Many Episcopal congregations are in the midst of the final decisions from their annual budgets and getting ready for the Annual meeting. What to pay the clergy is always a major question, given the clergy salaries are usually the single largest line item in a congregation’s budget. There’s a wide variance in most dioceses between what clergy make and there are different ways of working out guidelines, if they exist at all. But what about clergy in other denominations? What do their average salaries look like?

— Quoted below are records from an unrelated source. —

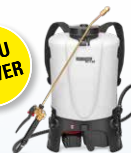
REC 15 PC1 15 liters pressure controlled battery backpack sprayer, without battery, 0.5 to 6 bar, fanjet brass nozzle, ergonomically shaped tank, Viton gaskets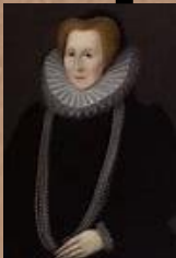
Bess of Hardwick 1527— 1608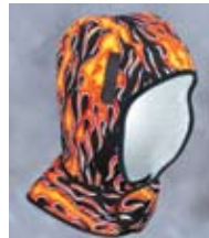
Part No. ZZS-FLA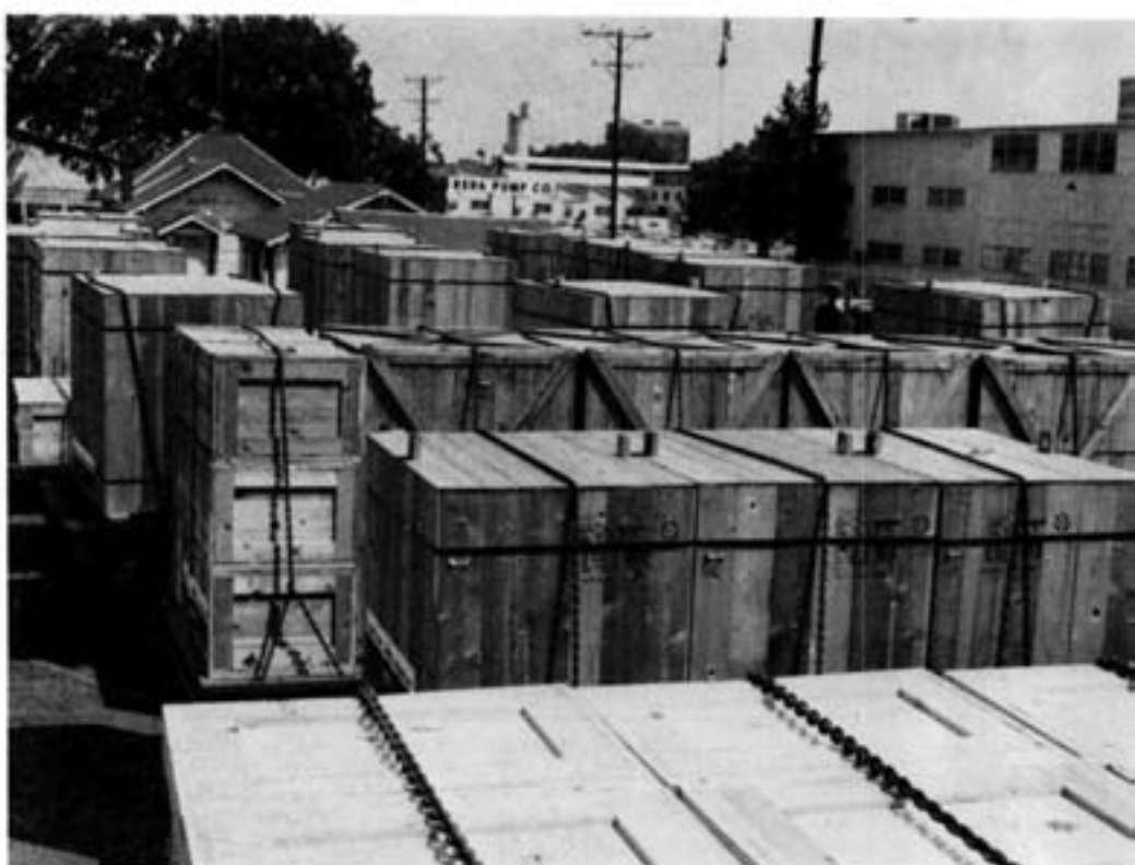
Crate after crate of Reda Pumps are made ready for shipment to the Port of Houston for Indonesian oil fields.

An article on the Huffinton Post religion site details average salaries for various faith groups:
“Among the leaders of the world’s major religions, rabbis tend to have higher annual salaries than their Catholic, Christian and Muslim counterparts, according to a new report by Slate.

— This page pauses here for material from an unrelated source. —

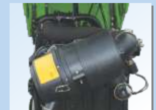
Dry Air Cleaner

Hydraulic (ADDC) : Two lever, automatic Draft and Position control with mix control.

Both Reform and Conservative rabbis earn an estimated average annual salary of around $140,000, while the median salary for full-time pastors at Protestant churches was just $40,000, the Jewish Daily Forward reports. Catholic priests and Muslim imams make even less, with average salaries of about $25,000 and $30,000 per year, respectively.”
There’s no mention in the article if these numbers include housing allowances, or cash-equivalents for housing provided allowances. That’s probably particularly significant for the Roman Catholic clergy.
For evangelical churches the numbers are little harder to describe. Some clergy make millions, Megachurch senior pastors make an average of nearly $150,000, but there are many more clergy who are working full time jobs so that they can be available for their small congregations.
There’s been a surge in enrollment in Rabbinical schools apparently.